Posted by: Charlie H. Ettinson | August 16, 2009 at 12:47 AM
This is a link to a list of inconsistencies in the Khaled Rabbo story.
http://camera.org/index.asp?x_context=2&x_outlet=62&x_article=1624
"Most residents of Jebel al-Kashif claim there were no Hamas fighters in the area at the time of the alleged incident, but a middle-aged farmer in a battered army jacket took me aside and said, in a near whisper, that Hamas had been firing rockets from the vicinity of where the episode took place.- Time Magazine
"http://www.time.com/time/magazine/article/0,9171,1874850-2,00.html
The HRW decided to ignore this, and not even mention it in a footnote. Who knows what else they "forgot" to mention.
Who'd expect less from Joe Stork, who seems to have once said that the Munich Massacre was good for Palestinian morale.
Posted by: Ian | August 18, 2009 at 06:21 PM
Apologetics aside, and there are no shortage on either side, dead babies and the undenied presence of an armed and active military force operating in a civilian environment are the stuff of what makes war 'hell'.
Posted by: popsiq | August 23, 2009 at 08:19 AM
This is absolute nonsense...
1)The IDF should be responsibility to protect the lives of civilians first and foremost. I'm sick to death of listening how they kill a dozen children because maybe there was a armed millitant in the area. Would the IDF kill all the passengers of a hijacked Isaeli aircraft in order to get to the hijackers?
2)The IDF attacked a civilian city with rockets, mortars, phosphorous and possibly depleted uranium. They killed 1400 people in retribution for 8 Israeli deaths in 5 years of homemade rocket attacks (which were largely provoked by Isreal's seige over Gaza in the first place). Clearly this disproportionate killing illustrats a wanton disregard of the IDF for civilian life.

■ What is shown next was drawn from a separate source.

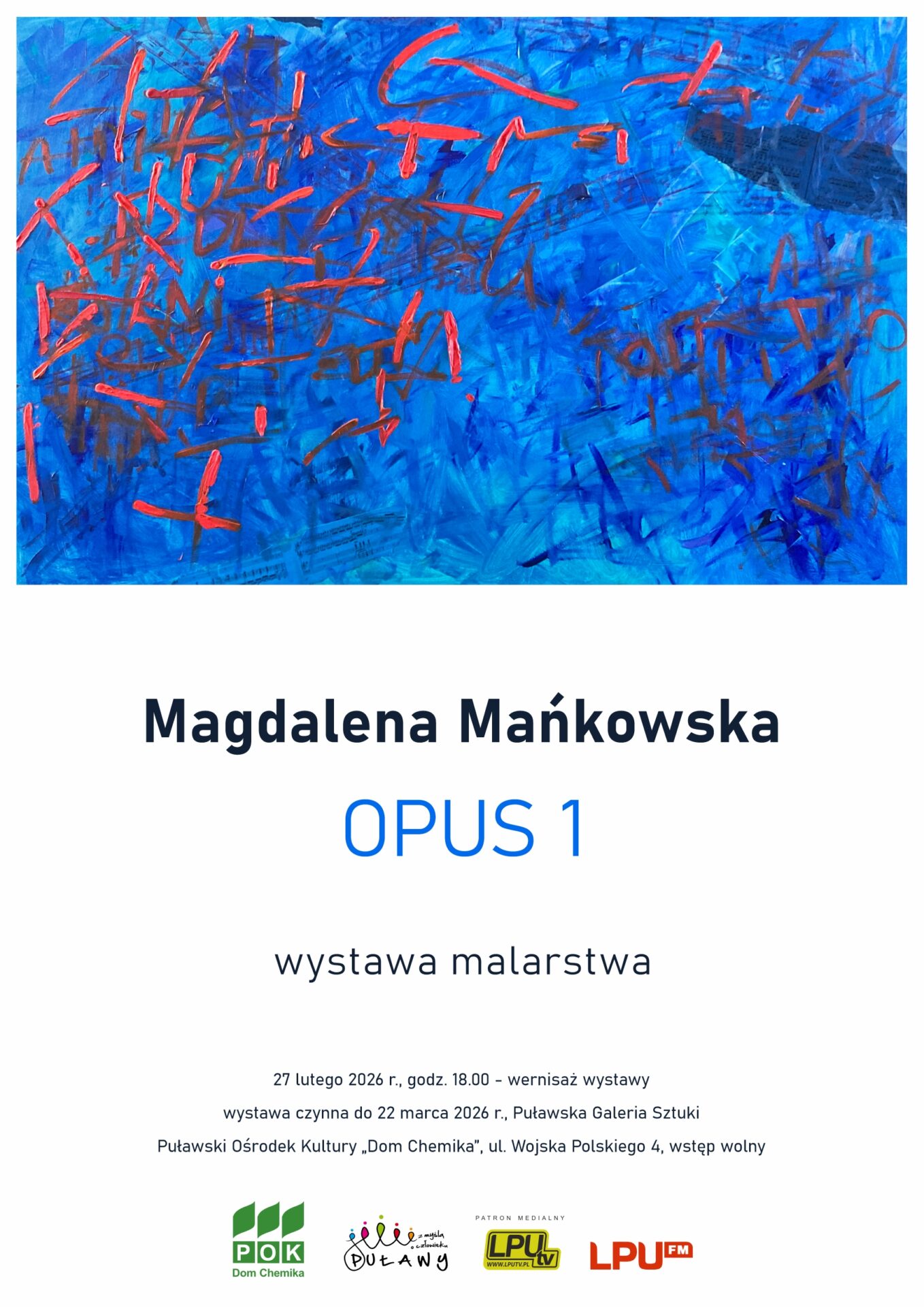 Serdecznie zapraszamy na wernisaż wystawy malarstwa „Opus 1” autorstwa Magdaleny Mańkowskiej, który odbędzie się w piątek 27 lutego 2026 roku o godz. 18.00 w Puławskiej Galerii Sztuki. Ekspozycja będzie dostępna dla zwiedzających do 22 marca 2026 roku.

3) The IDF's policy of destrying infrastructure, businesses, schools, farms is consistent first and foremost with a policy of ethnic cleansing. Anyone familiar with Isreal must understand that this is the ultimate goal as Israel's Jewish majority is threatened by what they call a demographic timebomb. Over 40 years the effort has been to drive the Palestinians out of
the occupied territories by making their lives unbearable. It doesn't take much to see the strategy past the thinly disguised actions.

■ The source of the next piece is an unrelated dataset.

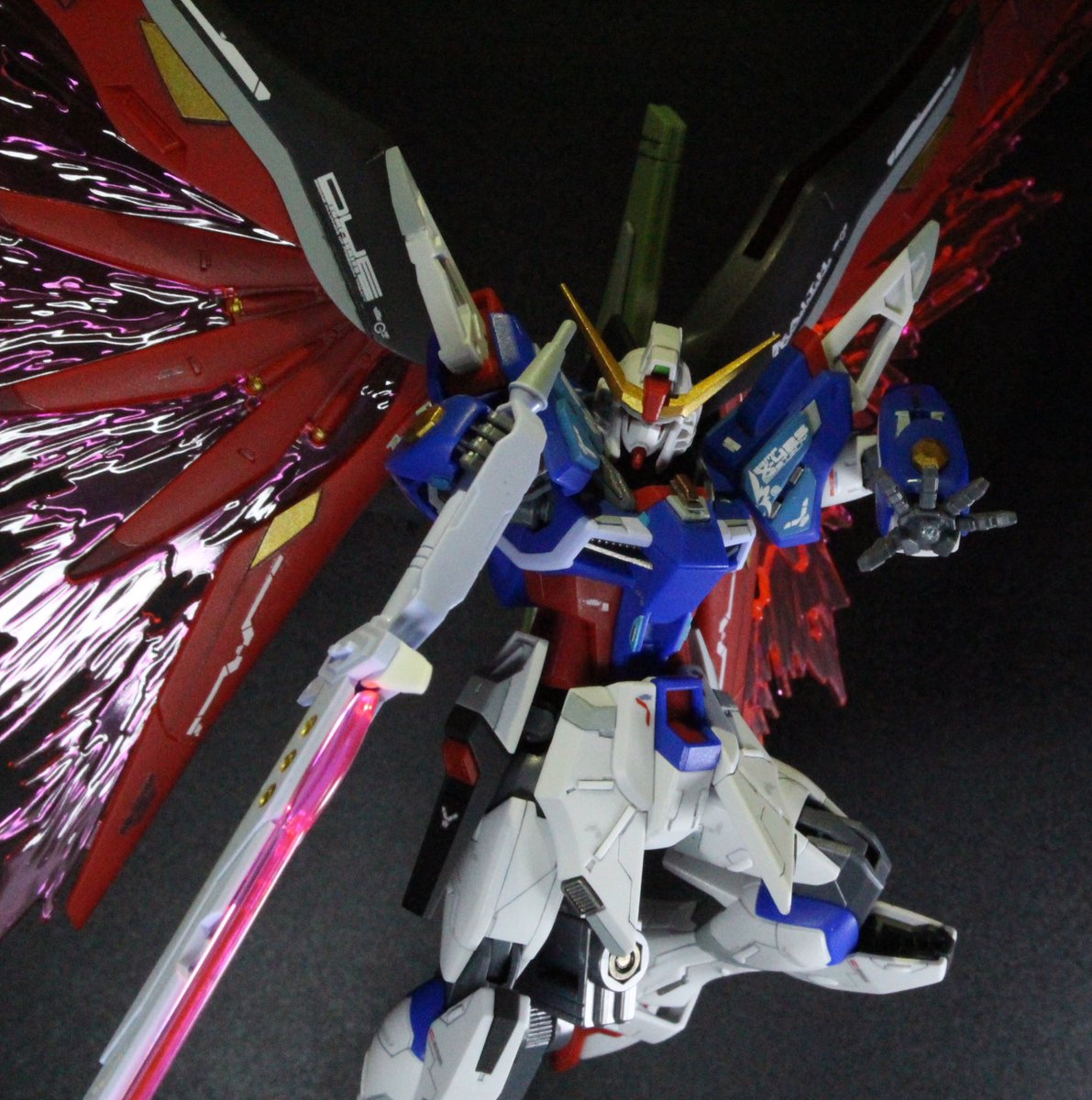 HGCEデスティニーガンダム完成しましたー!🎉 スジボリやプラ板でのディテールアップを行い、筆塗り部分塗装で仕上げました!😆 #ガンプラ #ガンプラ好きと繋がりたい #ガンプラの画像貼るとRTされると聞いて #デスティニーガンダム

4) The IDF deliberately denied access to any journalists to the area and fails to cooperate in any independent investigations.

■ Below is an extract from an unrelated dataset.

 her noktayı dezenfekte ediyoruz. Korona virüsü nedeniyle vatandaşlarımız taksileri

I am so sick of listening to nit picking details in individual incidents. It's like trying to hide the forest behind trees.
People apply some common sense. In the 1970 the US supported death squads in South America... in the 1980's it vehemently vetoed UN sactions against aparthide in South Africa. The US is not infallable.
Why does anyone deny that this might just be yet another tragic foreign policy nightmare that supports some of the most viscious injustices and ill treatment of civilians seen anywhere on the planet.
Of course... one would need to look past the whitewash of mainstay US media.